The Sunday Indian - The Nation's Greatest News Magazine - Musings - MPs should work for free!


MPs should work for free!
Nation building cannot be a paid job!

I wonder, why don’t people aspire to join politics? At the same time I also wonder as to why do people at large abhor the career of a politician. I can understand that such feelings can emanate from those enterprising people who want to make a difference in life in their own way, but what I don’t understand is why do the lazy and disillusioned ones also nurture similar feelings. What more would anyone want than access to some unwarranted luxuries and perks of life absolutely free of cost! On top of that, there aren’t any defined job profiles or descriptions, no constraint of age, education, no accountability, no discipline, no reporting and voila! – you get paid for all this, and get a raise too!!

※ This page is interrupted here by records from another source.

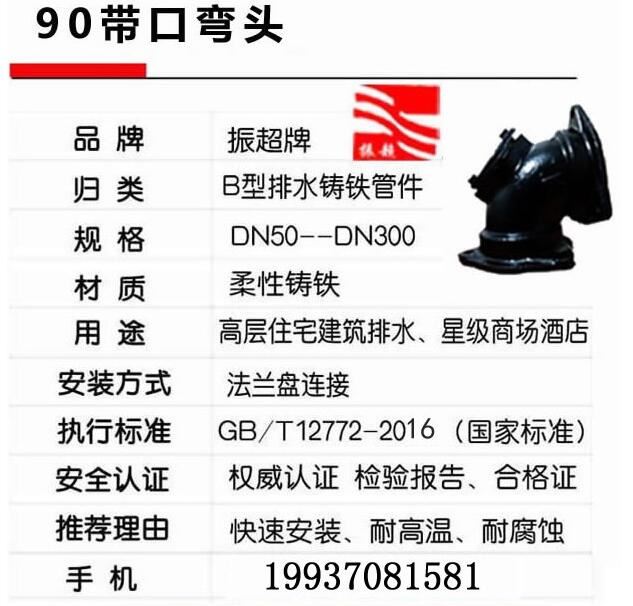 振超牌B型鑄鐵排水管件,柔性鑄鐵,法蘭盤鏈接,快速安裝,耐高溫,耐腐蝕;用于高層住宅建筑排水、星際商場(chǎng)酒店。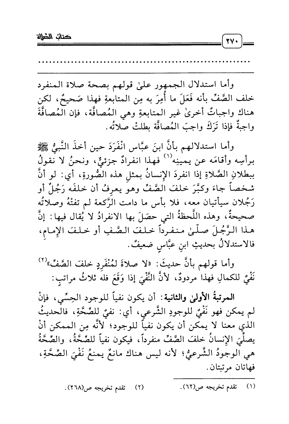 وأما قولهم بأنَّ حديثَ: «لا صلاةَ لمُنْفَرِدٍ خلفَ الصَّفِّ» (¬2) نَفْيٌ للكمالِ فهذا مردودٌ، لأنَّ النَّفْيَ إذا وَقَعَ فله ثلاثُ مراتبٍ: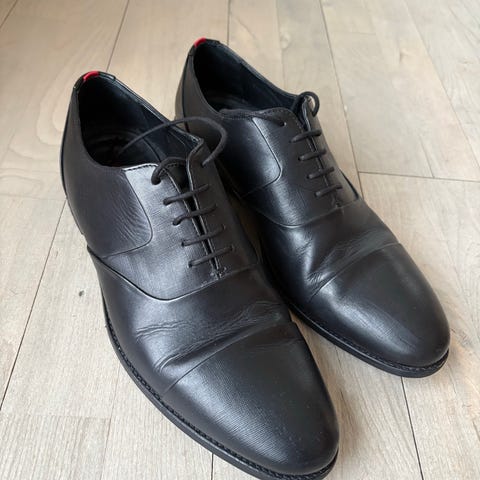 Hugo Boss sko i sort læder, størrelse 45. Skoene er komfortable og let brugte, men er fine uden ridser i læder. Førpris 2000. Afhentning eller sendes porto betalt.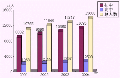 2001年,中國(guó)大陸中學(xué)學(xué)生人數(shù)已達(dá)10765萬(wàn)人,而且學(xué)生人數(shù)還在快速增長(zhǎng)。初中學(xué)生人數(shù)以每年6.5%的速度增長(zhǎng),普通高中學(xué)生人數(shù)也以每年10%-11%的速度增長(zhǎng)。可以看出,教育市場(chǎng)巨大的潛力和商機(jī)。

Unlike other jobs done by employees under the federal government, work done by MPs neither call for expertise, nor for education, qualifications and the irony is that still people prefer other jobs over politics! Not to forget, in other jobs, there are the risks of recalls, removal, arbitrary relocation, reporting, halt in increment and also face the risk of Annual Confidential Report (ACR). MPs unlike other employees have full immunity for their act inside their offices (Parliament) which can’t even be challenged in the courts!! What more, there are no rules with respect to working hours, no compulsions of participation in parliamentary debates, no mandatory attendance and no objectively-measured-system to find out their productivity. To top it up, there is no promotional and removal clauses. Thus, works done by MPs are neither normatively defined nor is objectively measurable and yet they get paid handsomely and get a raise too, which is comparable and equivalent to bureaucrats, and yet no one opts for politics as a career.

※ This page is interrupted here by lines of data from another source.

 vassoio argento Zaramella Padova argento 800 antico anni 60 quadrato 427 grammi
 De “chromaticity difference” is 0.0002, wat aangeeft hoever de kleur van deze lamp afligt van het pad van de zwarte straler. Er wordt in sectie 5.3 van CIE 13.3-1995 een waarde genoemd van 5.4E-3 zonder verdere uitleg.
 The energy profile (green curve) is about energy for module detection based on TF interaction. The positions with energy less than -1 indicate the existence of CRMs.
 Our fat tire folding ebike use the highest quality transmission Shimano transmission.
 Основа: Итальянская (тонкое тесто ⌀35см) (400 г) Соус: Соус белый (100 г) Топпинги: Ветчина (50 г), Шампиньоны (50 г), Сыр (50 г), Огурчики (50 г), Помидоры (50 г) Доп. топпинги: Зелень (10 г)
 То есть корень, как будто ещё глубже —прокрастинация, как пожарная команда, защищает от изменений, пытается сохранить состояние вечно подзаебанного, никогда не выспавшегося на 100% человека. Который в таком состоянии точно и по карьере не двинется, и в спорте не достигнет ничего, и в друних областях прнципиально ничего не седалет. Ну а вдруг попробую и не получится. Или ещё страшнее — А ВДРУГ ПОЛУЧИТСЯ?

Now the question is that if all this is true then why in the first place an MP should get paid? Call it utopia — But joining politics was meant to be fundamentally a public spirited voluntary decision and less of a conventional mode of not working and yet earning a living. Since the beginning of human civilization, people who wanted to serve the society and transform them, opted for such career without an aim of upgrading their own economic stature. But then, what we observe is just the converse! Today, the biggest entry barrier to politics is the amount of investment that one has to make. And this is a glaring reality of our political system today. Or else how does one justify that the collective assets of 543 MPs elected to the Lok Sabha are worth more than Rs.3,000 crore! This means the average asset size of an MP works out to be more than Rs.5 crores! Going by this again, I wonder why should they be paid as what difference that little money that they get in the name of salary, make to them! And worse, our MPs on an average make nine times the national poverty level which is again too high compared to the US or the UK, where they are just five and three times respectively. In the US, Senators are not allowed to earn more than 15 per cent from outside of their Congressional salary while in India, the average asset value of MPs is found to have increased by a staggering 300 per cent over the last term! In Germany, the elected federal members get enough remuneration to ensure their basics, while Switzerland parliamentarians do not get any salary but just paid leaves from their employers on the days of parliament session. MPs in Mexico can’t practice any profession and be office-bearers of any political party.
As I said earlier, though it might sound utopian, but politics was and should be meant for individuals willing to participate with just public serving spirit! Till the time this remains an utopian dream, at least they should not be paid!